Reports from such an early date would actually predate the written Gospels. A famous example is the list of Jesus’ resurrection appearances supplied by Paul in 1 Corinthians 15:3-8. Most critical scholars think that Paul’s reception of at least the material on which this early creedal statement is based is dated to the 30s AD.[13] Other examples are supplied by the brief creedal statements that many scholars find embedded within the Book of Acts, which Gerald O’Collins dates to the 30s AD.[14] From the so-called “Q” material in the first and third Gospels, another instance is the statement of high Christology found in Matthew 11:27/Luke 10:22.[15] Further, Paul’s earliest epistles date from the 50s AD.

(2) Whenever these early sources are also derived from eyewitnesses who actually participated in some of the events, this provides one of the strongest evidences possible.
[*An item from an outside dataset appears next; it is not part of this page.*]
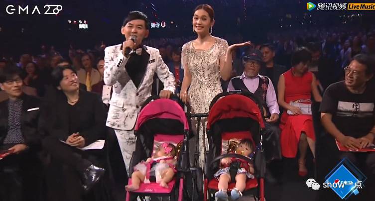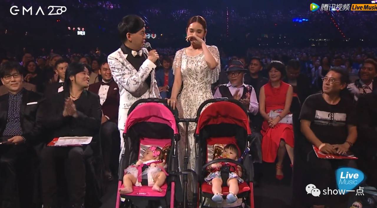 歌手罗文裕表演的时候,两个未满一岁的小孩直接被推到现场。黄子佼就招呼杨丞琳过来照顾,说:“来啦来啦,你迟早要经历的啦。”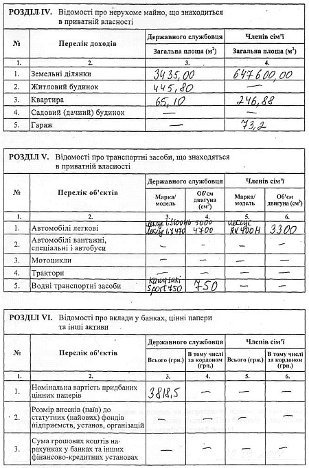 На содержание имущества депутат потратил 15 тысяч гривен, а его семья - 13,75 тысяч гривен. Кроме того, семья по договорам найма заплатила 252 тысячи гривен.

Historian David Hackett Fischer dubs this “the rule of immediacy” and terms it “the best relevant evidence.”[16] When scholars have ancient sources that are both very early and based on eyewitness testimony, they have a combination that is very difficult to dismiss.

In our previous example, one reason critical scholars take Paul’s testimony so seriously is that his writings provide both a very early date as well as eyewitness testimony to what Paul believed was a resurrection appearance of Jesus. This is even conceded by atheist scholar Michael Martin.[17] Other crucial instances would concern any eyewitness testimony that can be located in the Gospel accounts.

(3) Independent attestation of a report by more than one source[18] is another chief indication that that a particular claim may be factual. Ancient historian Paul Maier asserts that: “Many facts from antiquity rest on just one ancient source, while two or three sources in agreement generally render the fact unimpeachable.”[19] The Jesus Seminar emphasizes items “attested in two or more independent sources.”[20]

Several important examples might be provided. Of the five sources often recognized in the Gospel accounts,[21] Jesus’ miracles are reported in all five, with some specific occurrences reported in more than one.[22] Jesus’ crucial “Son of Man” sayings are also attested in all five Gospel sources.[23] And the empty tomb is reported in at least three, if not four, of these Gospel sources.[24] This helps to understand why these items are taken so seriously by contemporary critical scholars.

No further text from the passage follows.